### [WORK ITEM]
Transcribe exactly, please, the line bearing "Opal Butterfly Necklace" and all later lines through the end of the records, with the pictures left out.

### [DATA FOR PROCESSING]
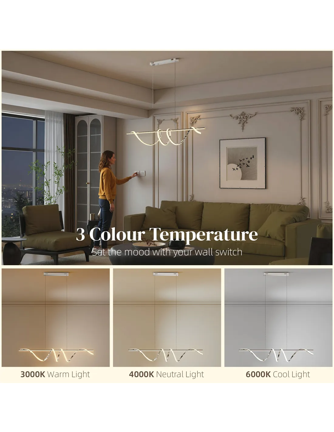 This HOMCOM Pendant Light provides versatile illumination for any modern UK home. Its sleek silver tone and 120 cm linear design serve as a sophisticated centrepiece. Easily switch between three colour temperatures: a warm 3000K for relaxed evenings, a neutral 4000K for daily tasks, or a bright 6000K for focused activities. This adaptability ensures your lighting matches every requirement. The integrated 45W LED delivers 3500 lumens, offering bright, energy-efficient light across your space. Adjust the hanging height up to 130 cm to perfectly suit your room. Its linear form distributes wide, even lighting, making it ideal for dining tables or kitchen islands. Elevate your interior with this functional and stylish lighting solution, available at FastDaddy. This fixture combines elegant design with practical lighting control.
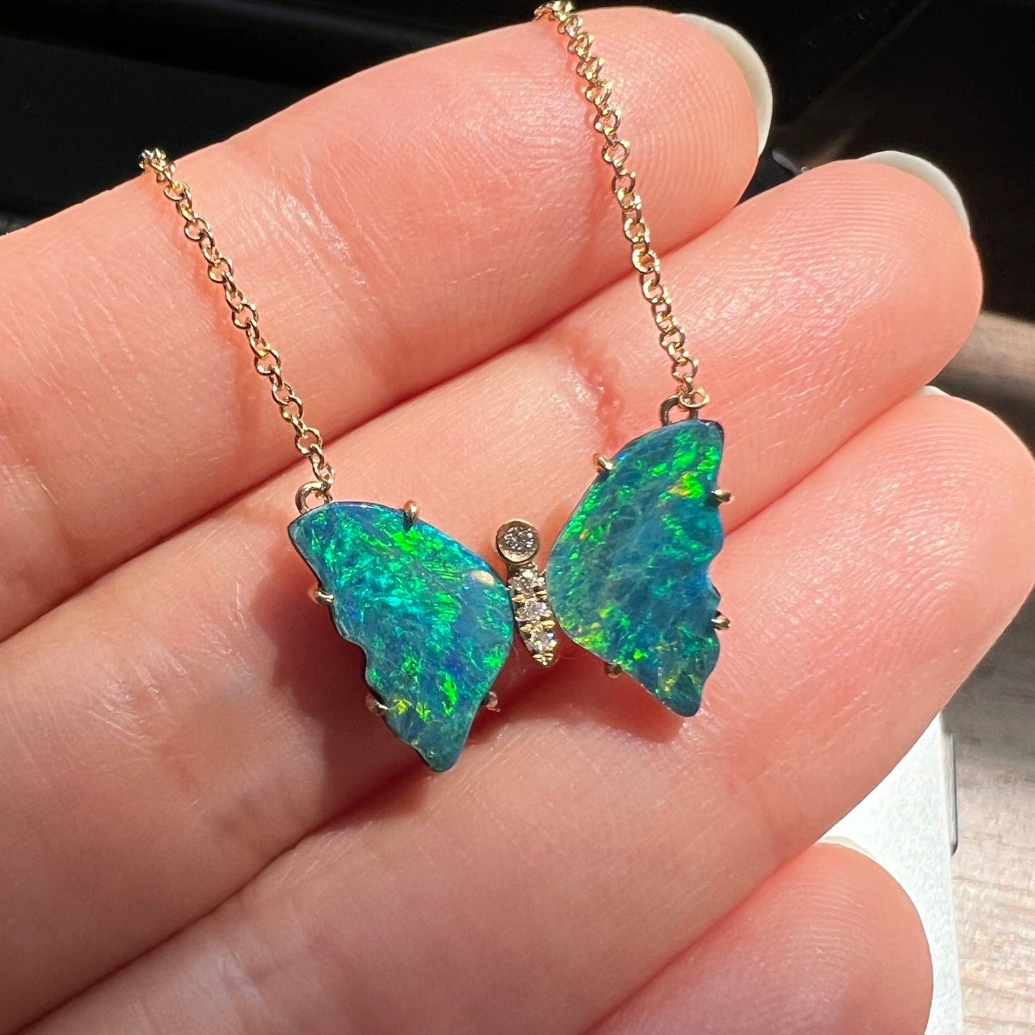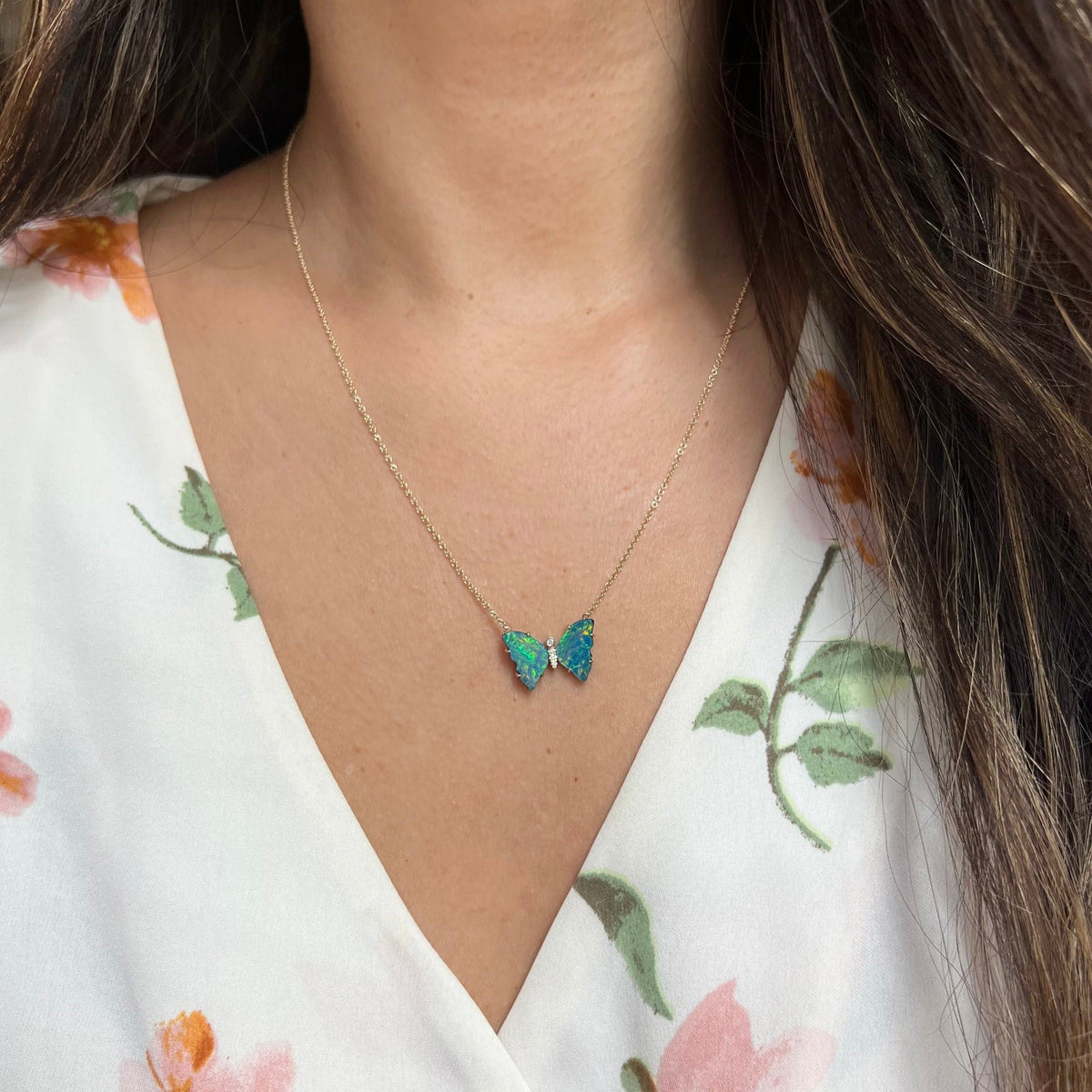Opal Butterfly Necklace With Diamonds & Prongs - Earth Green
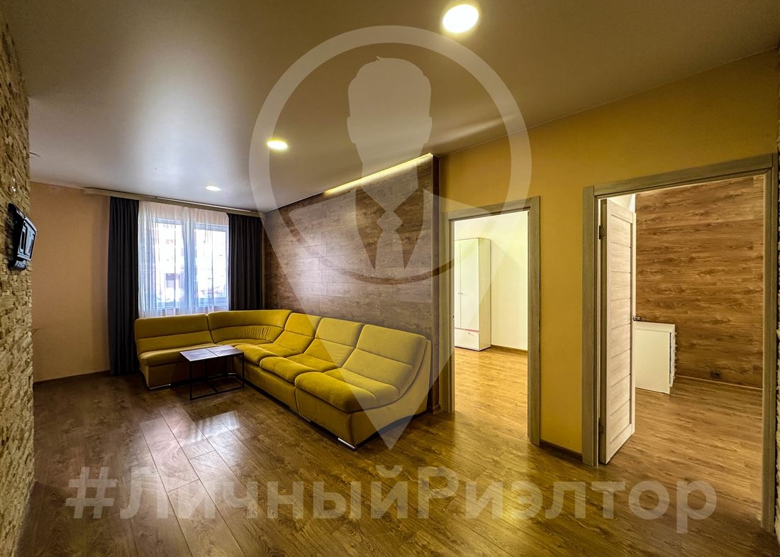 Удобная планировка просторная кухня гостиная, две комнаты и гардеробная.
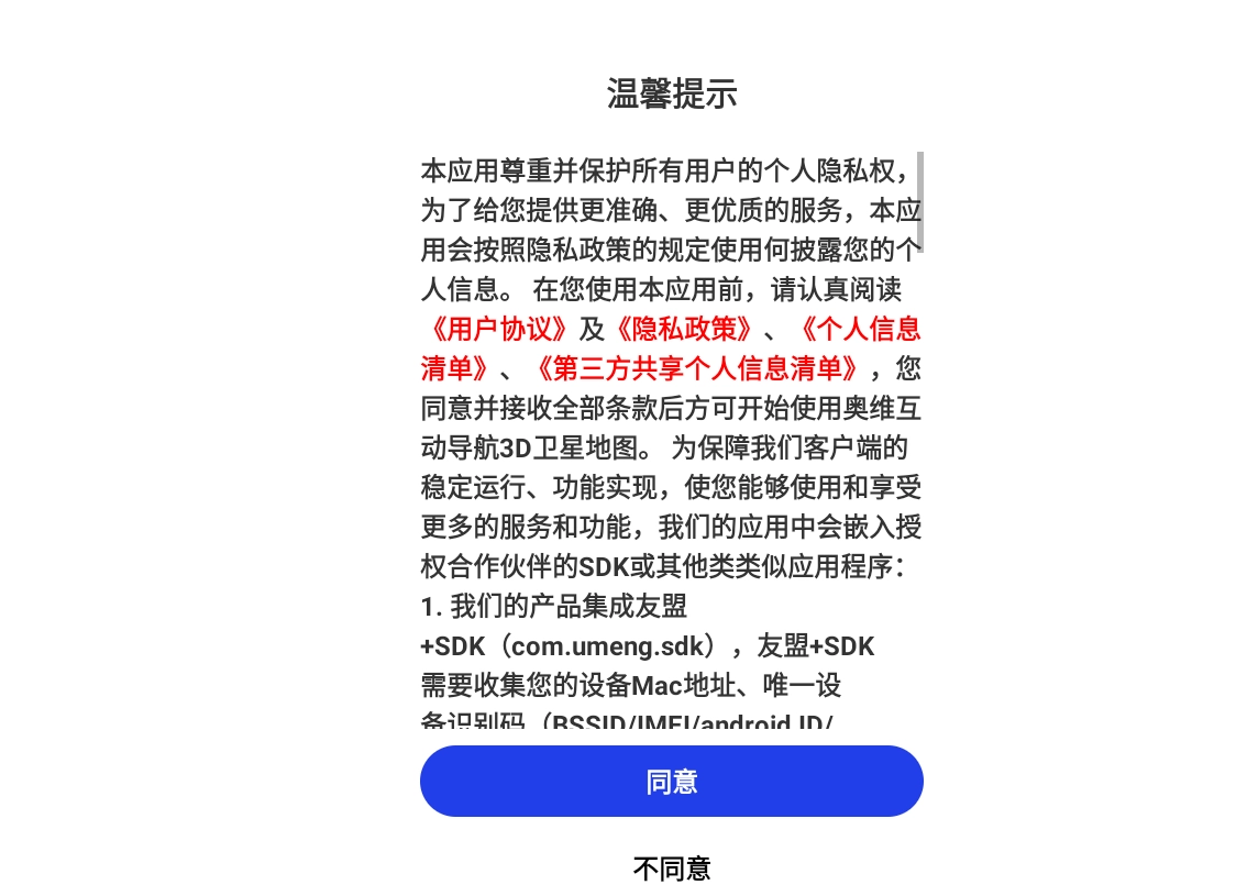 2、进入软件后,请仔细阅读用户隐私政策及服务条款,确保了解相关权限设置。
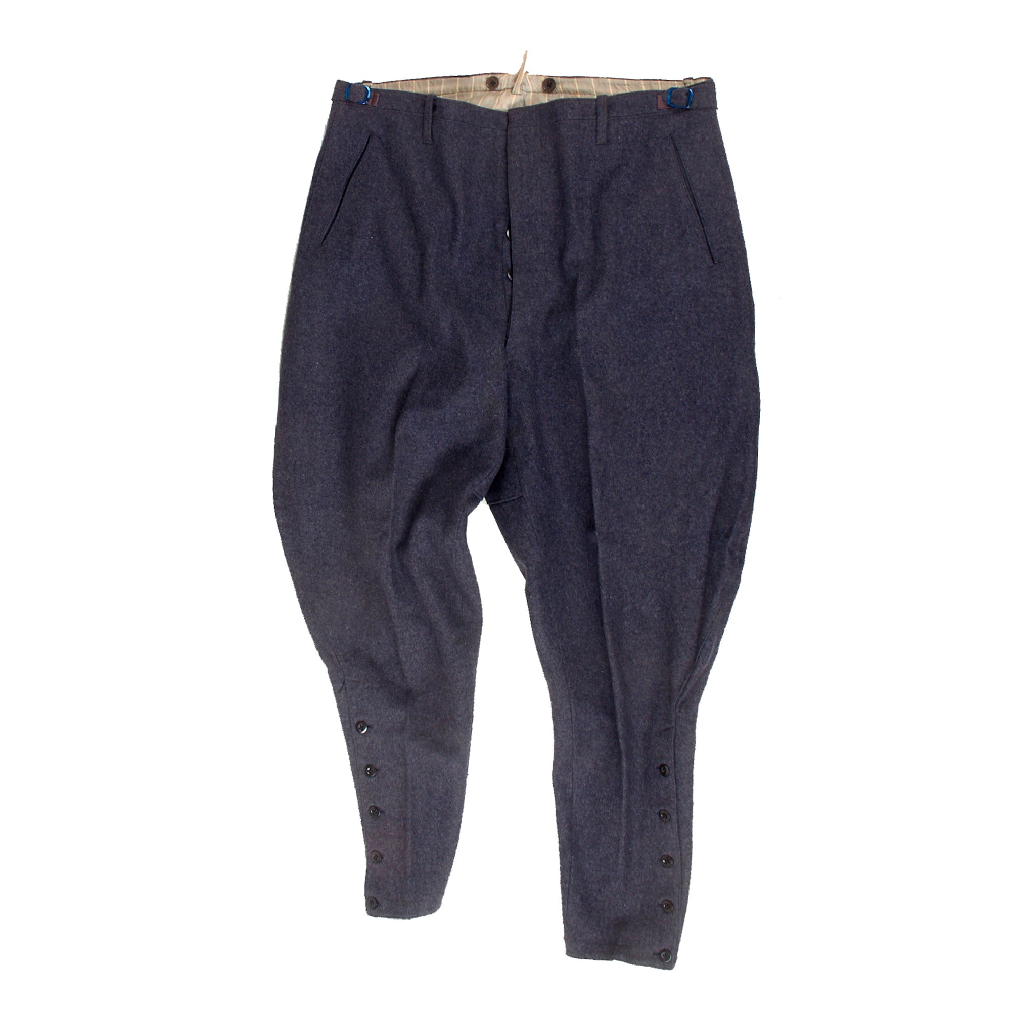 The included breeches are in very good condition, made from lovely "doeskin" weave steingrau (Stone Gray) wool fabric. They have a button fly closure with four hidden buttons under a hook and loop fastener at the top. There are suspender buttons on the inside of the waist band, and all 4 front and 2 rear buttons are present. There are adjustment straps on the sides of the waist band as well. They feature two slanted waist slash pockets with another button secored slash pocket on the right seat. The bottoms of the legs have five button closures to fit inside boots, and overall they are in lovely condition.

### [SOLUTION FOR THIS EXERCISE]
Opal Butterfly Necklace With Diamonds & Prongs - Earth Green
 Удобная планировка просторная кухня гостиная, две комнаты и гардеробная.
 2、进入软件后,请仔细阅读用户隐私政策及服务条款,确保了解相关权限设置。
 The included breeches are in very good condition, made from lovely "doeskin" weave steingrau (Stone Gray) wool fabric. They have a button fly closure with four hidden buttons under a hook and loop fastener at the top. There are suspender buttons on the inside of the waist band, and all 4 front and 2 rear buttons are present. There are adjustment straps on the sides of the waist band as well. They feature two slanted waist slash pockets with another button secored slash pocket on the right seat. The bottoms of the legs have five button closures to fit inside boots, and overall they are in lovely condition.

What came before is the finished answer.